Um, you can use the available tools from the cloud providers. So like Azure dev slop, well, they have lots of good things going there. Um, and if you have really good people in your dev teams, some dev teams are just one person effectively, um, can be unicorns out there. They can do all of this together, but the kind of fundamental learning from us, if that security is not free, it comes at a cost. And for us as a big company, it was quite a needed to focus our attention on AppSec as a separate domain at first, and now spreading the same thinking to other parts of, of, uh, of security. So this is how we managed the managing directors, uh, and also how to give advice to the, um, to the ops teams. This is, uh, what we call, um, uh, the security maturity index, um, and all of the services I visualized and indexes they're carefully crafted for different complex to make sure they are relevant and give proper guidance.

00:23:13

So when they perform well, there is no need for actions, like indicated here in this smiley, so that this is two services, basically the one on top as well. The one on the bottom has some issues. And it's important to try to contextualize this, uh, depending on the, uh, on the audience you do have available, it's when it performed, well, there are no need for actions. You don't have to do anything as the MD or the team you are doing well on the bottom. Uh, they are having some issues and the kind of tools that we have provided them with gives them some clue where to look.
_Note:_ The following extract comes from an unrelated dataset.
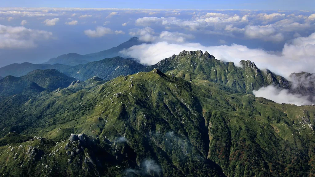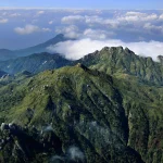 屋久島の山中に連なる宮之浦岳(中央)などの峰々
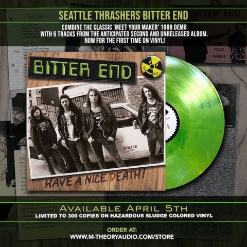 ‘Have a Nice Death!’ collects the band’s classic 1988 ‘Meet Your Maker’ 4-song demo plus their early ‘90s recordings (6 songs) that were the beginnings of their unrealized 2nd full length album. Available on Hazardous Sludge colored vinyl the album will be in stores or available via mail-order at www.m-theoryaudio.com/store or Bandcamp www.bitterendseattle.bandcamp.com

So some of this might be a management issue. Maybe they haven't spent enough money. Maybe they don't, maybe they need some, some skills, um, uh, maybe they need just some love and affection. So it's remarkable. Um, uh, in our research, how much just paying attention, uh, matters, just see people and, um, and be there for them.

00:24:10

So when you, in the audience who are mentors, um, some of you get lots of questions from your sales and marketing that you need to have certification a or B or C. Well, this entire model is data driven. And this, um, the process is basically produces the data in a systemic way, dynamically, basically everyday. So this data is then used as evidence for auditors, that the processes are actually functional and adhere to it. So remember this w if you, if you really are on to certifications and all that stuff, you have a choice. You don't have to have the stressful, uh, preparation sessions that most people are used to, uh, where you have to flap your arms again, and then ask everybody to conform to the processes. At least when your is here, um, you can just make the processes, produce data that validates that they work.

00:25:03

And this is how we have chosen to do it, especially in one of our models that I'm very proud of. It's the best in the cloud delivery model. And if you search for that bird on YouTube, you can find a brilliant video of one of my colleagues would explain that in more detail. So if you remember from the start, are your people empowered? Are your people enabled and have you embedded and ensured that two above, this is part of our learnings. And we really hope that you are still curious, there's much more data and research for you to enjoy if you would care to do that. Um, and we're also, um, publishing more research in this field, uh, as we will progress, if any of you would like to make contact with either me or some of my colleagues, we are always willing to share.

00:25:51

Uh, and, um, as a final thing, remember the Qualcomm, the Quakers are not territorial. They are happy to share space, food and shelter. We need to be more like walkers. So we're all in this together. Both developers, security personnel and operations personnel. Uh, but since we are all territorial, it doesn't make sense that only one of us decides to does it. So, um, we have to get over, uh, our very, uh, internal, uh, language, and we have to start communicating in the same language and work better together. Thank you for your time. And I hope you have enjoyed this, uh, this talk.